▸ ABOUT THIS TASK:
An exact restatement is required. Cover only the lines of the records from the first through the line with "In continuation to", and skip pictures.

(Stored entries)
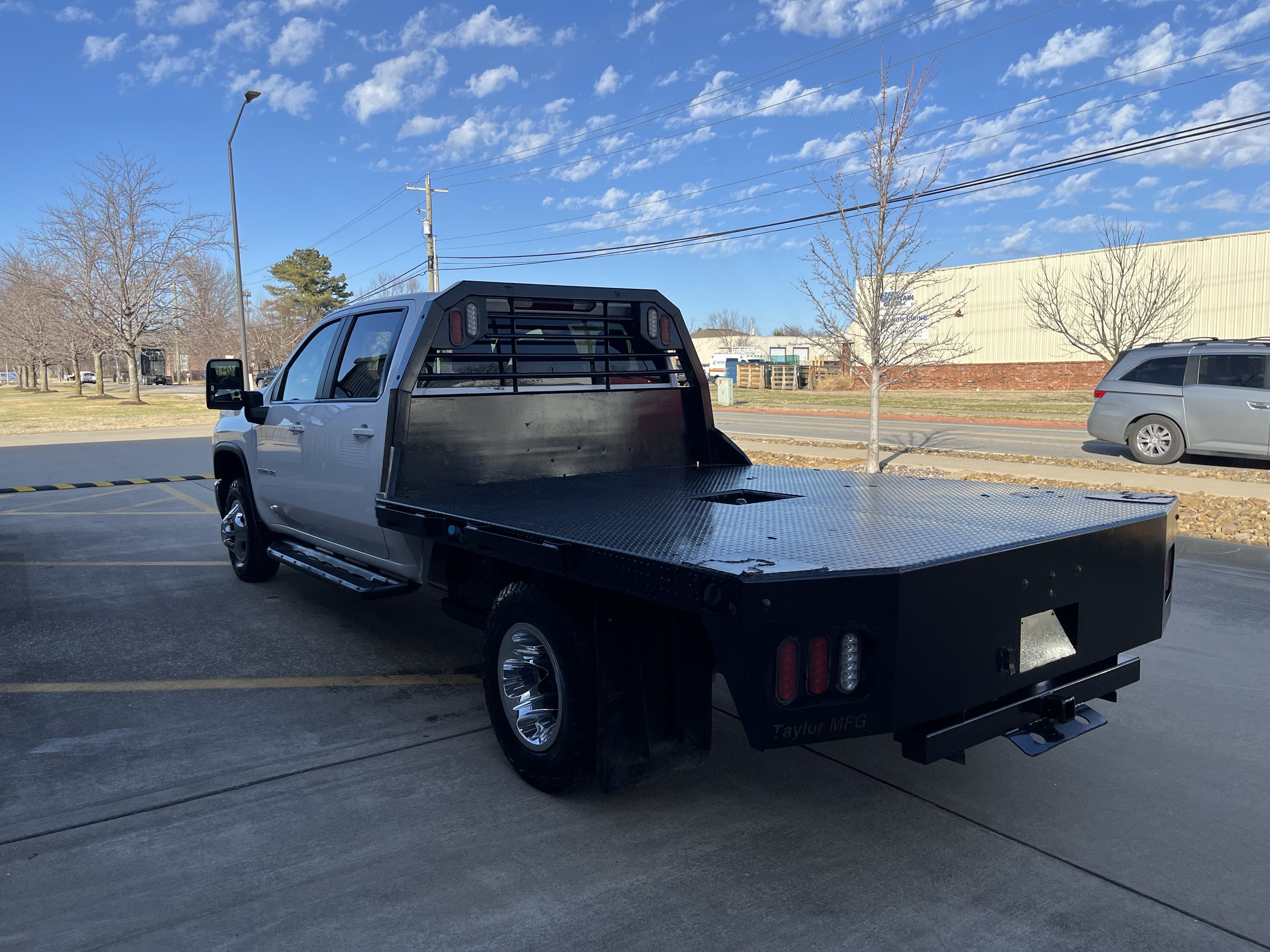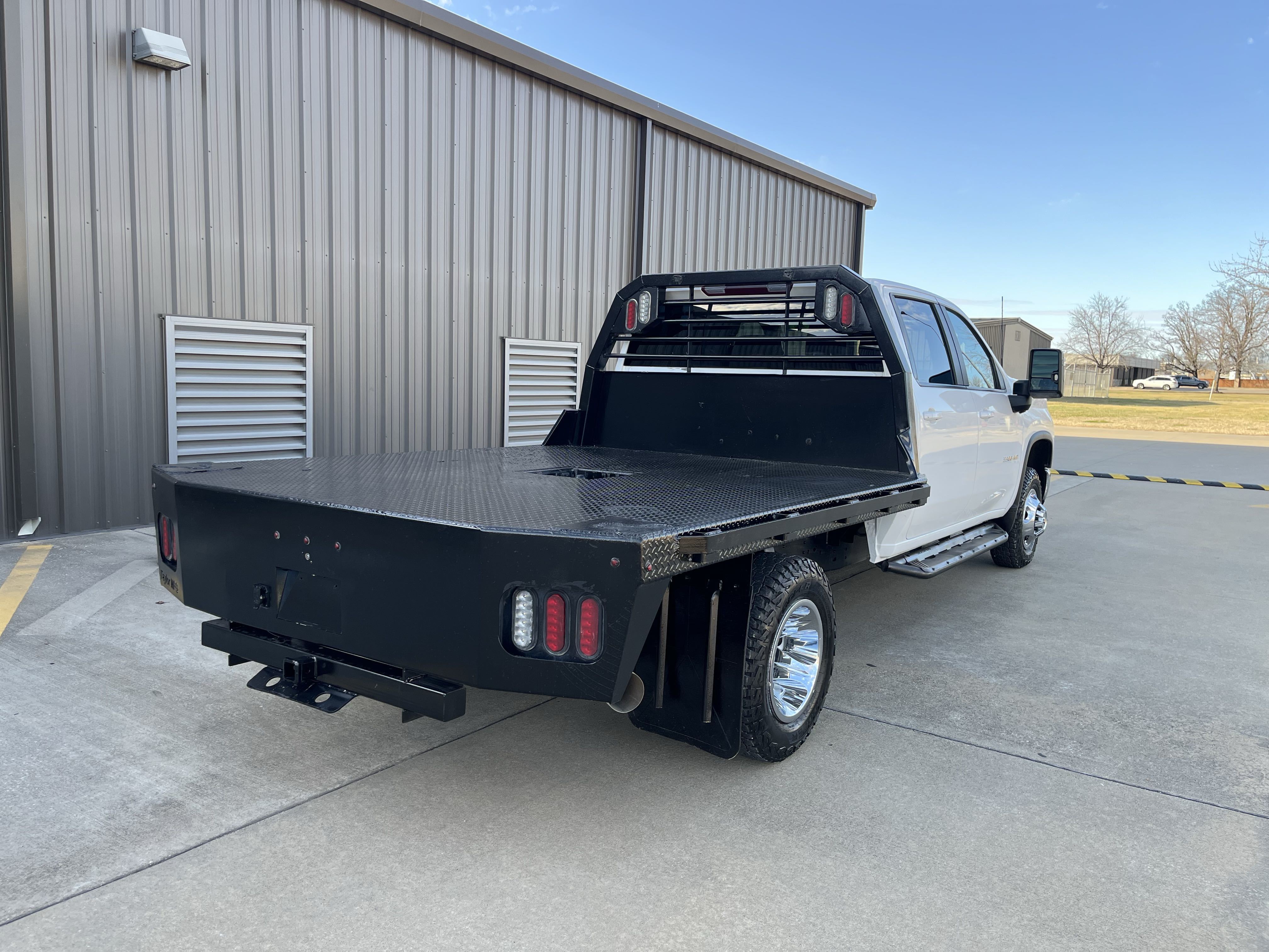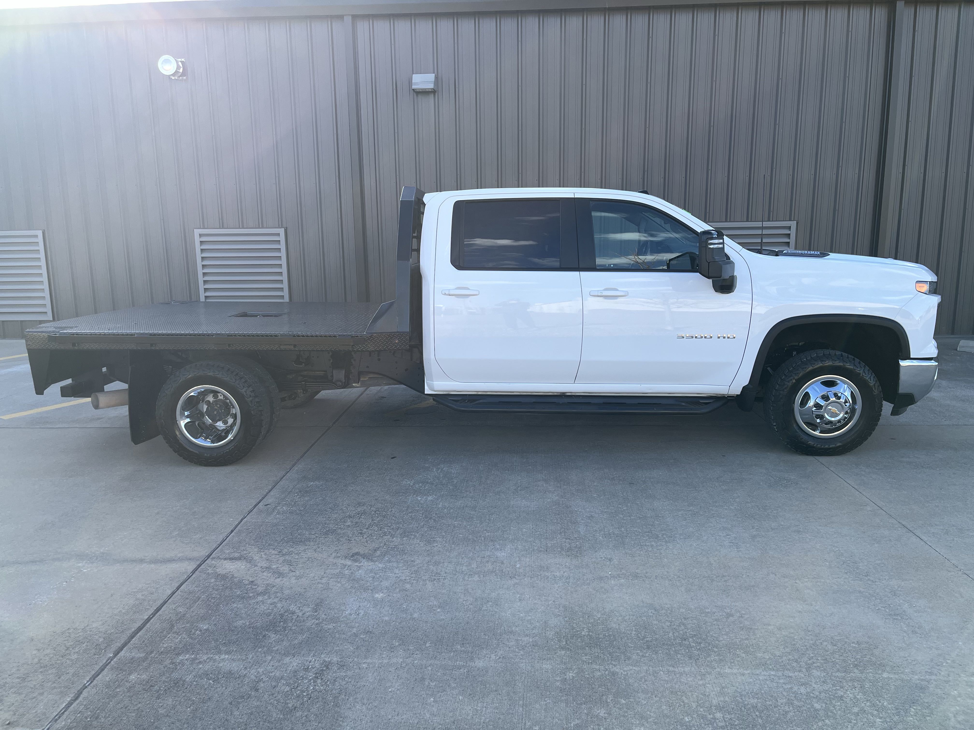 2024 Chevrolet Silverado 3500 flatbed with 6.6 Duramax, Allison transmission, and only 128K miles! 4x4, Dual rear wheels, charcoal colored cloth seats, easy to clean rubber floors, cold AC, large media control console, cruise control, back up cameras and much, much, more!
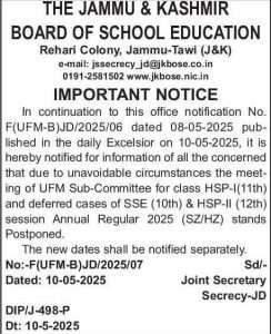 In continuation to this office notification No. F, (UFM-B)JD/2025/06 dated 08-05-2025 published in the daily Excelsior on 10-05-2025, it is hereby notified for information of all the concerned that due to unavoidable circumstances the meeting of UFM Sub-Committee for class HSP-I(11th) and deferred cases of SSE (10th) & HSP-II (12th) session Annual Regular 2025 (SZ/HZ) stands Postponed.
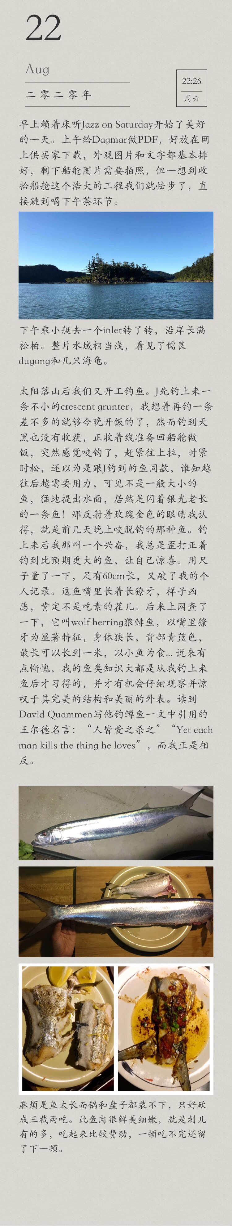 We started fishing again after sunset. J caught a decent size crescent grunter first. I thought I would catch a similar kind for dinner tonight. However, I didn’t catch anything and it’s already dark, I was giving up and pulling the line up. Suddenly I felt something on the hook. Sometimes it felt heavy and sometimes a bit loose, I thought it was another grunter. Yet it got heavier and heavier, I then realised it was not a small fish, the moment it came out of water I saw a very long silver fish! Its eyes were reflecting light of rose gold which I remembered, it was the kind of fish that escaped from my hook the other night. After catching it, I was so excited. I always catch fish bigger than expected to surprise myself. I measured it with a ruler and it was about 60cm long, which broke my personal record. This fish had long fangs in its mouth and looked fierce. It is definitely not a vegetarian. Later, I looked it up on the Internet. It is called wolf herring. Besides its long sharp teeth, It has a long and narrow silver body and a bluish back. It can grow up to one meter long. It feeds on small fish… I am ashamed to say most of my knowledge about certain fish was gained after I caught them, then I had the opportunity to observe them carefully and admire its perfect structure and beautiful appearance. Read a quote from Oscar Wilde: “Yet each man kills the thing he loves”, I think I am the other way around: I come to admire the thing I killed.
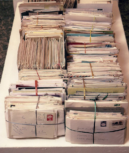 Installation mit Dokumenten aus 150 Jahren Familiengeschichte der Künstlerin. Zu festgelegten Archivsprechzeiten waren die Ausstellungsbesucher eingeladen, den Prozeß des Sichtens, Auswertens und Archivierens des umfangreichen Materials in Form von Fotos, Briefen, Urkunden, Notizen, Kriegstagebüchern, Feldpost etc. zu begleiten.
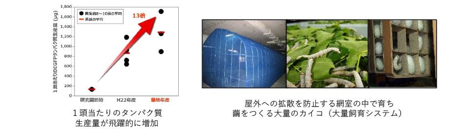 ➔ 効率的なタンパク質生産に利用できる遺伝子を特定し、特定のタンパク質について1頭当たりの生産量を従来比約13倍に増加するシステムを構築 - カイコへの効率的な遺伝子導入技術の開発と大量飼育システムの開発
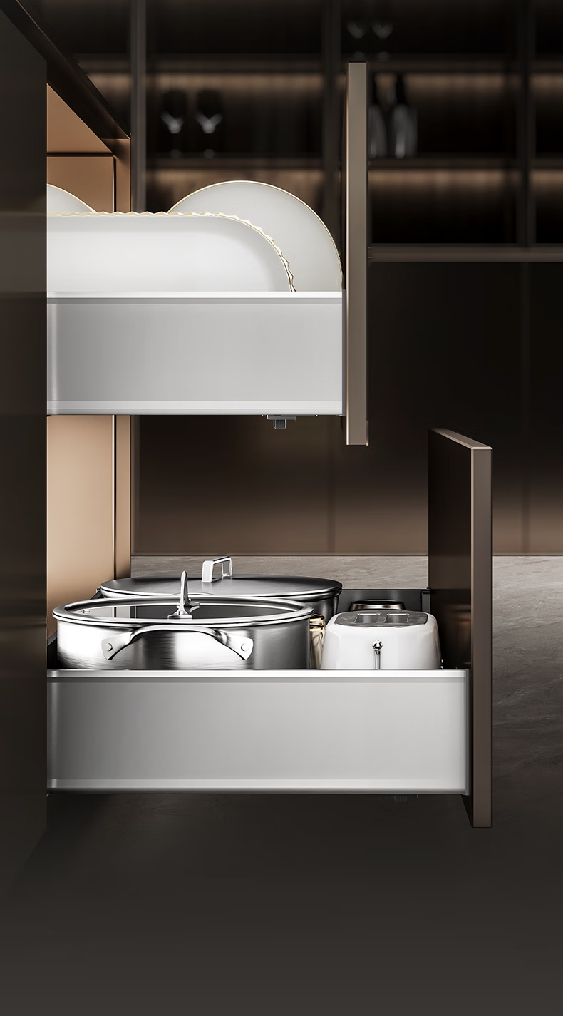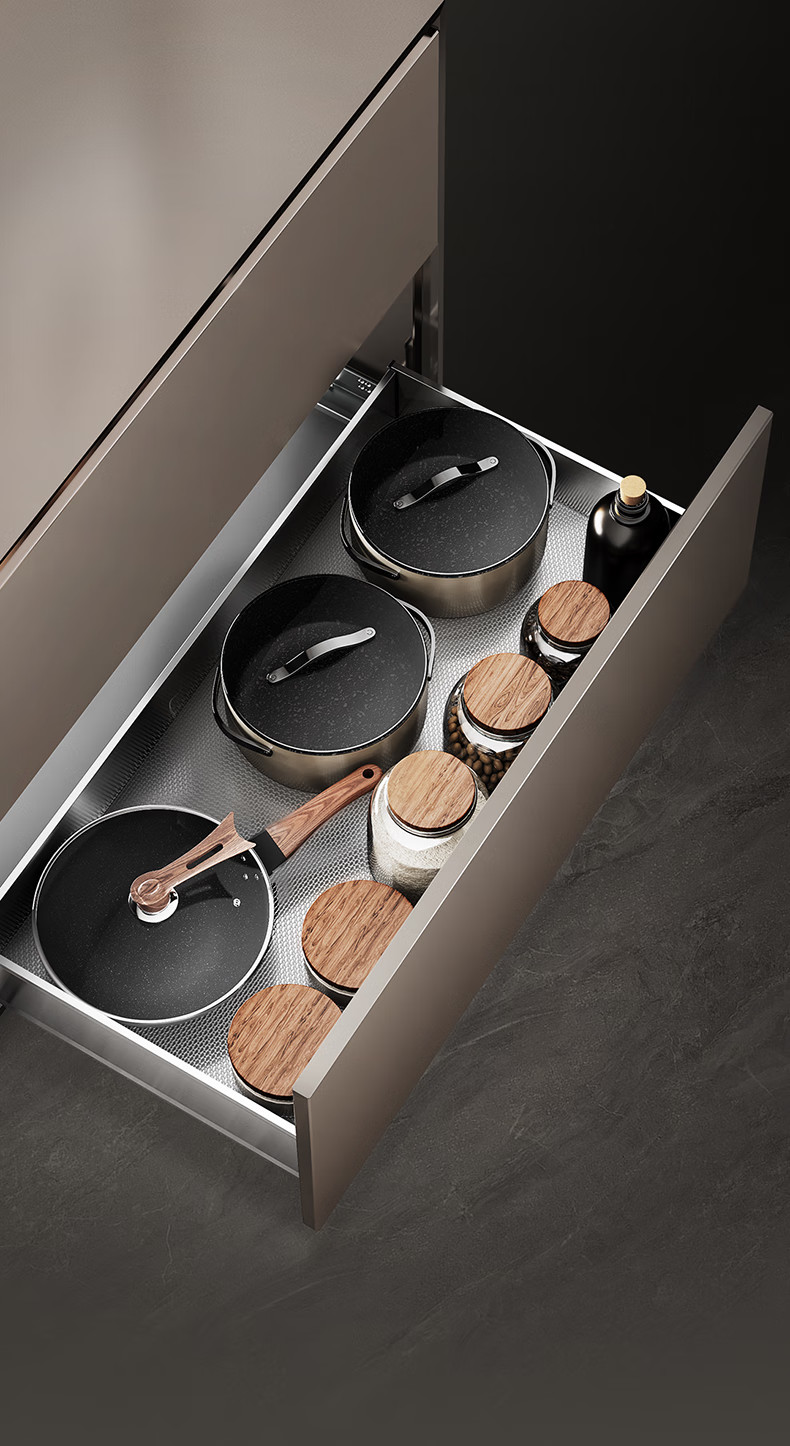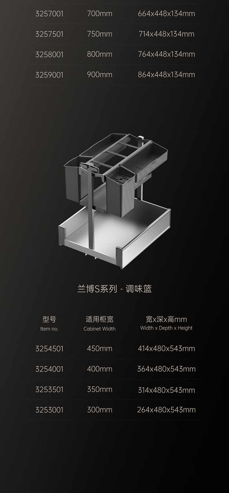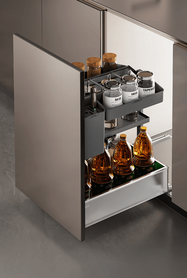 诺米(Nuomi)厨房拉篮抽屉式橱柜拉篮碗碟置物架收纳架调味篮阻尼单双层拉篮 600柜-单层平篮-兰博S系列
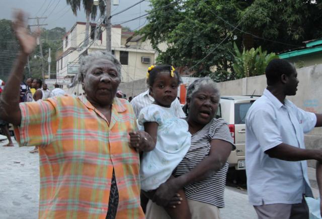 Haitians walk past damaged buildings on January 12, 2010 in Port-au-Prince Haiti after a huge earthquake. (LISANDRO SUERO/AFP/Getty Images)

▸ EXERCISE ANSWER:
 2024 Chevrolet Silverado 3500 flatbed with 6.6 Duramax, Allison transmission, and only 128K miles! 4x4, Dual rear wheels, charcoal colored cloth seats, easy to clean rubber floors, cold AC, large media control console, cruise control, back up cameras and much, much, more!
 In continuation to this office notification No. F, (UFM-B)JD/2025/06 dated 08-05-2025 published in the daily Excelsior on 10-05-2025, it is hereby notified for information of all the concerned that due to unavoidable circumstances the meeting of UFM Sub-Committee for class HSP-I(11th) and deferred cases of SSE (10th) & HSP-II (12th) session Annual Regular 2025 (SZ/HZ) stands Postponed.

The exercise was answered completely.